◆ The problem: Leaving out pictures, output exactly the lines below from the one that has "Aerolíneas chilenas anuncian" through the one that has "Non, tu n’y", and nothing else.
[[ Supplied records, beginning ]]
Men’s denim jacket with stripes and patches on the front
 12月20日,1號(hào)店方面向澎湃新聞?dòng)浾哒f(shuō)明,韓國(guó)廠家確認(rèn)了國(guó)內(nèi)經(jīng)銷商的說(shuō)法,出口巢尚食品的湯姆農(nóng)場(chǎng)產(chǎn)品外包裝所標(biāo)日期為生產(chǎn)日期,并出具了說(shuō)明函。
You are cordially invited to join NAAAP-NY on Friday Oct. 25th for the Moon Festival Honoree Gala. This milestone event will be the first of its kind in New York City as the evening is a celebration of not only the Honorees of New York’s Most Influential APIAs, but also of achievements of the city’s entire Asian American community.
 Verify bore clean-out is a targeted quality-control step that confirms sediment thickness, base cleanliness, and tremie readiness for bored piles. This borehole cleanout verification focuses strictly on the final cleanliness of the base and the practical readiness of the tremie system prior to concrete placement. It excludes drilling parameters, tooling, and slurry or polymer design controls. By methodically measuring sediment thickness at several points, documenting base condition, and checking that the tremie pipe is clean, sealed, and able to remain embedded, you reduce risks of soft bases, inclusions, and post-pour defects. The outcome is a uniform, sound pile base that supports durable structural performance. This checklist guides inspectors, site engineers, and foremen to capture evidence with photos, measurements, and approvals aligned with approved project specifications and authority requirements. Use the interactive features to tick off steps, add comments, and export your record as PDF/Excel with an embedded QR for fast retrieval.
[[ Supplied records, end ]]
[[ Supplied records, beginning ]]
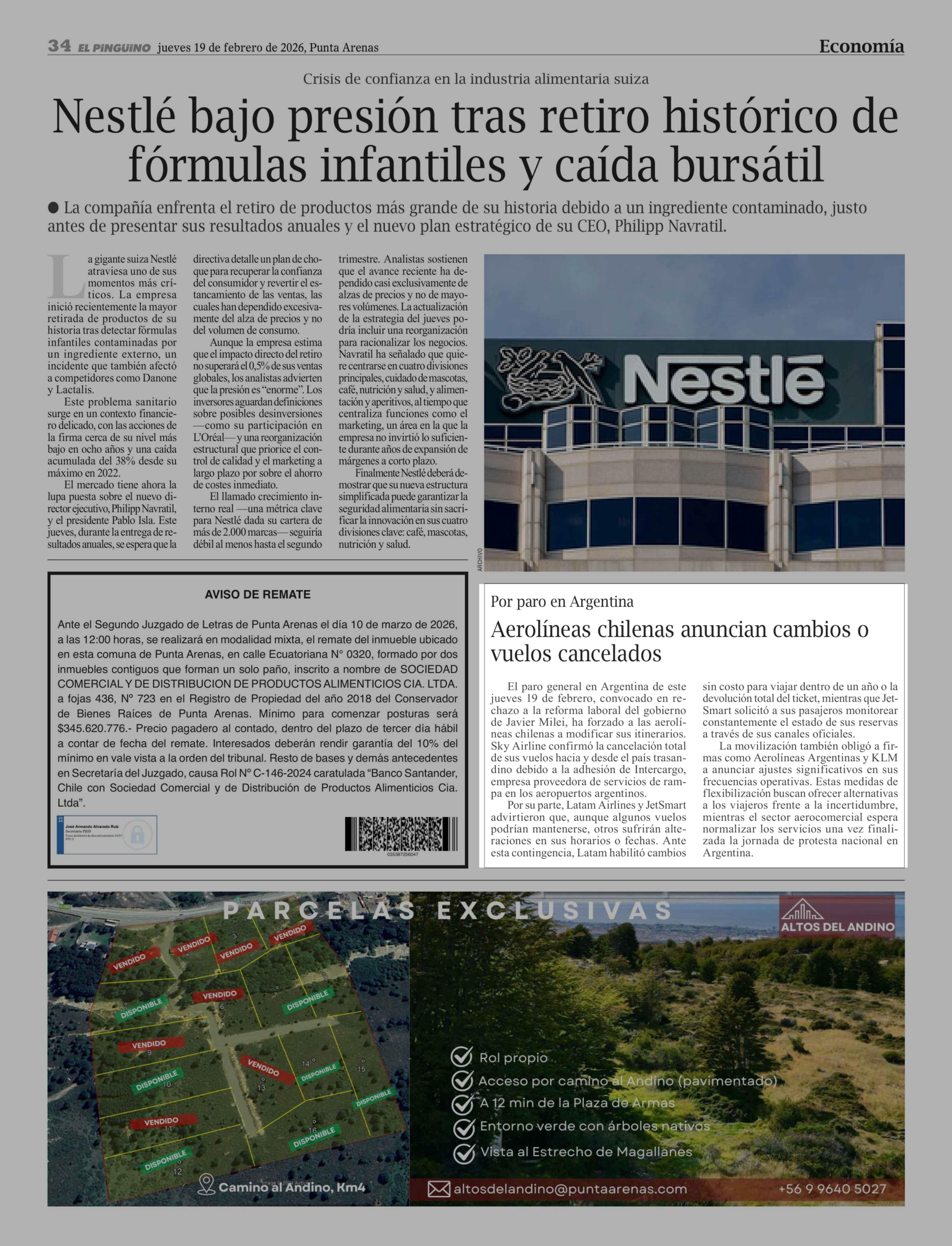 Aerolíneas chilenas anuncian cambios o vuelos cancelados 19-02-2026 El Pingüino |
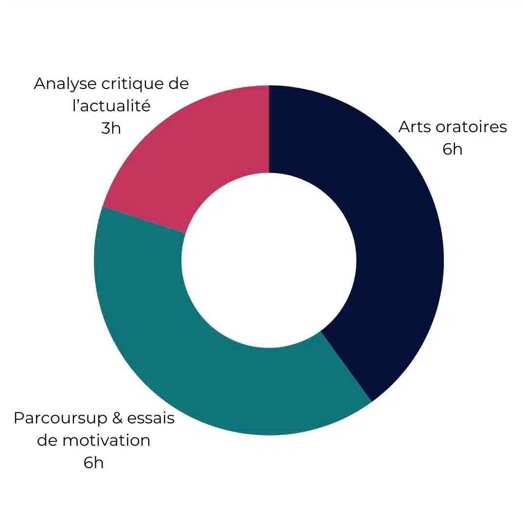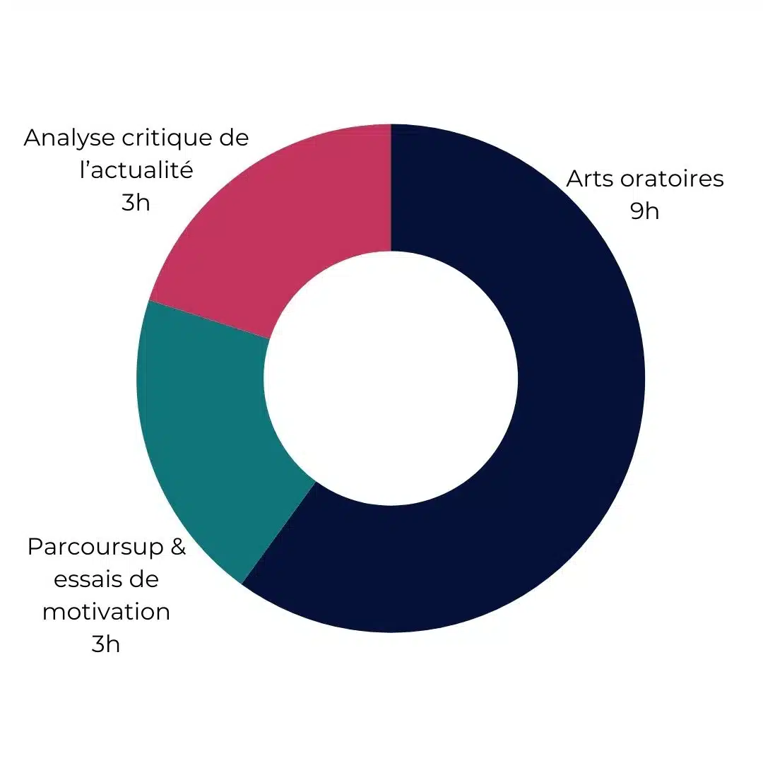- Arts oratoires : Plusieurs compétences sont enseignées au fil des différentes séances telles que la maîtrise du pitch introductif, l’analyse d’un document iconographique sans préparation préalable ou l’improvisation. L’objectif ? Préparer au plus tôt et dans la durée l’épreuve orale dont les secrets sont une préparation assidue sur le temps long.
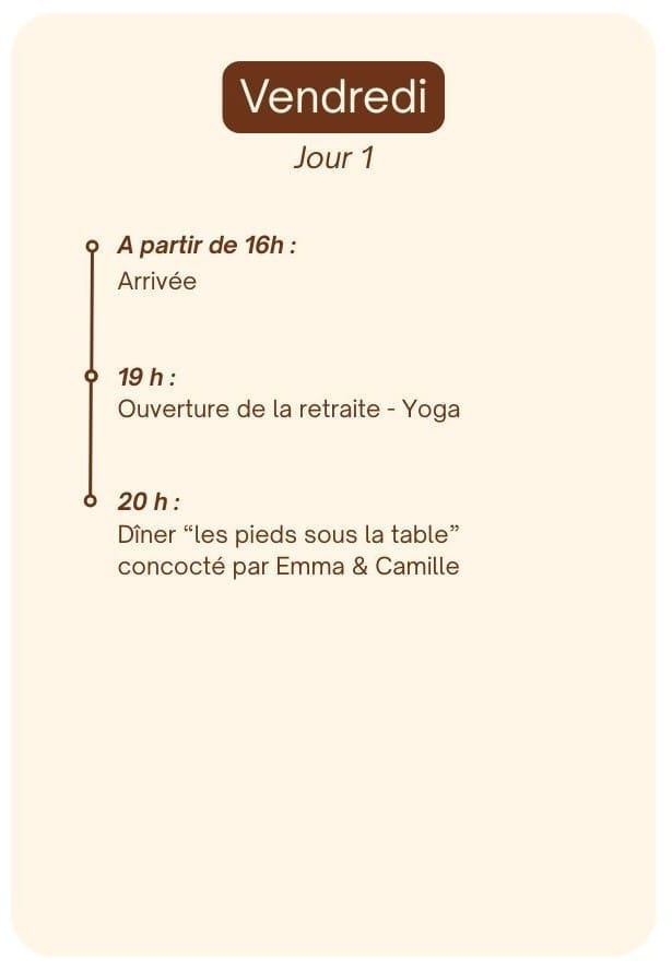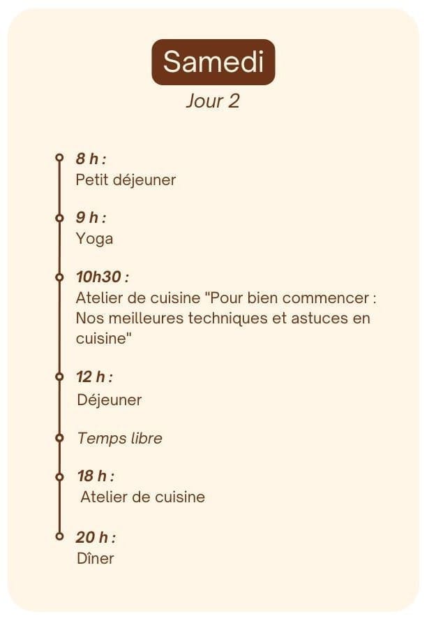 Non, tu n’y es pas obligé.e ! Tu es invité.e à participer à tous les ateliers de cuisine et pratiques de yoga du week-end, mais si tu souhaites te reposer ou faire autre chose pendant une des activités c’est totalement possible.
[[ Supplied records, end ]]
◆ Result of this task:
 Aerolíneas chilenas anuncian cambios o vuelos cancelados 19-02-2026 El Pingüino |
- Arts oratoires : Plusieurs compétences sont enseignées au fil des différentes séances telles que la maîtrise du pitch introductif, l’analyse d’un document iconographique sans préparation préalable ou l’improvisation. L’objectif ? Préparer au plus tôt et dans la durée l’épreuve orale dont les secrets sont une préparation assidue sur le temps long.
 Non, tu n’y es pas obligé.e ! Tu es invité.e à participer à tous les ateliers de cuisine et pratiques de yoga du week-end, mais si tu souhaites te reposer ou faire autre chose pendant une des activités c’est totalement possible.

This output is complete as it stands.